Common Dental Implant Questions
How can I tell if I am healthy enough to have dental implants?
If you’re healthy enough for fixed bridgework or routine tooth extractions, you’re probably healthy enough for dental implants.
It’s unusual for patients to have general health conditions capable of making dental implants dangerous. This is why we take a thorough health history before we begin work.
Once you’ve had a thorough examination and a talk with your dentist, periodontist, or oral surgeon, we determine the implant strategy that’s right for you. The major determinant is going to be the amount and location of the available bone structure.
Is there a chance my body will reject the implant?
When you hear the word “rejection” you may be thinking about the condition that sometimes happens during vital organ transplants. But dental implants fall into an entirely different category. Tissue matching and blood typing aren’t a factor in this procedure.
Most of the time, the body completely accepts the placement of all dental implant material within the bone.
Obviously, some dental implants aren’t successful some of the time. But success has a lot to do with proper patient selection, the practitioner’s proficiency with the procedure, and your own commitment to proper hygiene and preventative maintenance.
Commit to regular follow-up care, just as you would for any other dental treatment. We need to keep evaluating soft tissue health and the way your replacement teeth are functioning to ensure long-term success.
How long will implants last?
How long do teeth last? They should last a lifetime.
However, we all can cite examples where teeth have not served for a person’s lifetime.
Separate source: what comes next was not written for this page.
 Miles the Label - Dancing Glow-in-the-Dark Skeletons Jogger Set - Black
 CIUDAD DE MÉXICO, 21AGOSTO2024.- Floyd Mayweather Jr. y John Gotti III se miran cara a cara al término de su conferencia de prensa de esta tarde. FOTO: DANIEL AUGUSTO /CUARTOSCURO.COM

We know that dental problems mostly stem from improper home care or lack of treatment when needed.
The same holds true for implants. With proper care and routine dental check-ups they should last a lifetime.
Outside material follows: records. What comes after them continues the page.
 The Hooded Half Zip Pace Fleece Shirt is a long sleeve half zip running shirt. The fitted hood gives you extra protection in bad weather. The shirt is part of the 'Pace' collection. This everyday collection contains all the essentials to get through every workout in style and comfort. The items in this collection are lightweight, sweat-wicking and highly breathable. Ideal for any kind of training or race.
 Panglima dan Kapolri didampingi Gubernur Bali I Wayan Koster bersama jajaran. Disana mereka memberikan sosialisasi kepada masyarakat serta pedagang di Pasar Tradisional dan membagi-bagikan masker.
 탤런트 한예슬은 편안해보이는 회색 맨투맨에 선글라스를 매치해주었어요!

We can’t give guarantees. Much depends on factors outside our control, like whether you eat right, or practice proper oral hygiene. Your genetics will play a role, as will the overall health of your body.
Thus, nobody really knows how long each individual implant will last. All we can say is we take every step we can take to tip the odds in your favor.
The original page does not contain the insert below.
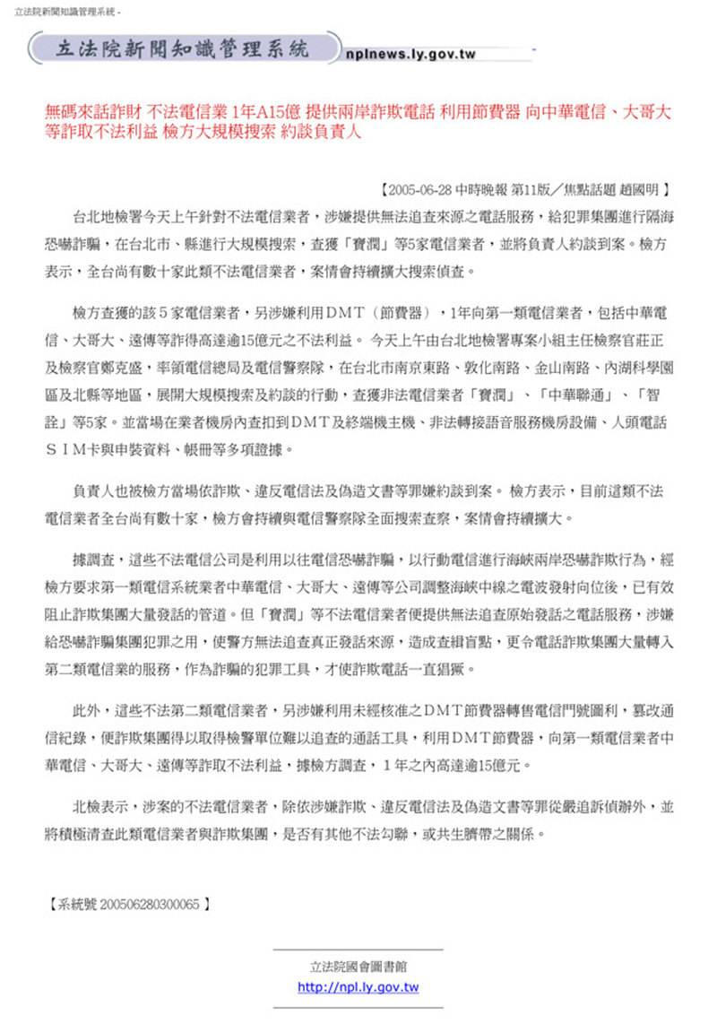 無碼來話詐財 不法電信業 1年A15億 提供兩岸詐欺電話 利用節費器 向中華電話、大哥大等詐取不法利益 檢方大規模搜索 約談負責人   回上一頁

Do implants require special care?
Treat implants as if they’re regular teeth. Return for regular check-ups. Brush and floss. And remember, caring for the gums is the best way to care for one’s teeth. More teeth are lost as a result of gum disease than any other single cause.
Is the placement of implants painful? How long does it take?
Implant placement usually does not result in much post-operative discomfort – usually the patient takes Tylenol or Advil for about 2-5 days.
If you’re getting truly extensive treatment, like, for example, if you need bone grafts or a higher-than-average number of implants, then you may take longer to recover.
Anesthesia during the surgery should make the placement procedure pain-free. We are conservative with anesthetic agents and our philosophy is to use the least amount of medication for the patient to comfortably tolerate the procedures.
How long does the whole dental implant process take? Will I be without teeth or unable to eat for a long time?
Depending on the complexity and number of implants being placed, the implant portion of the procedure can take between 30 minutes to 3-4 hours. The entire treatment process takes 5 to 8 months.
But treatment happens in several phases.
- A detailed evaluation and treatment plan.
- Implant placement, generally done in the doctor’s office in one visit.
- A 3-6 month waiting period, during which the jawbone bonds to the implant through a process known as osseointegration. You’ll wear a modified or temporary denture or bridge during this time.
- We attach a small metal post or extension to the implant. We’ll make modifications to your temporary teeth at this time so you can keep wearing them after this procedure.
- 2-6 weeks later, we create and fit your new replacement teeth. This may take several appointments, as we have to make impressions of your mouth and “try in” your replacement teeth throughout their fabrications so they match your existing teeth.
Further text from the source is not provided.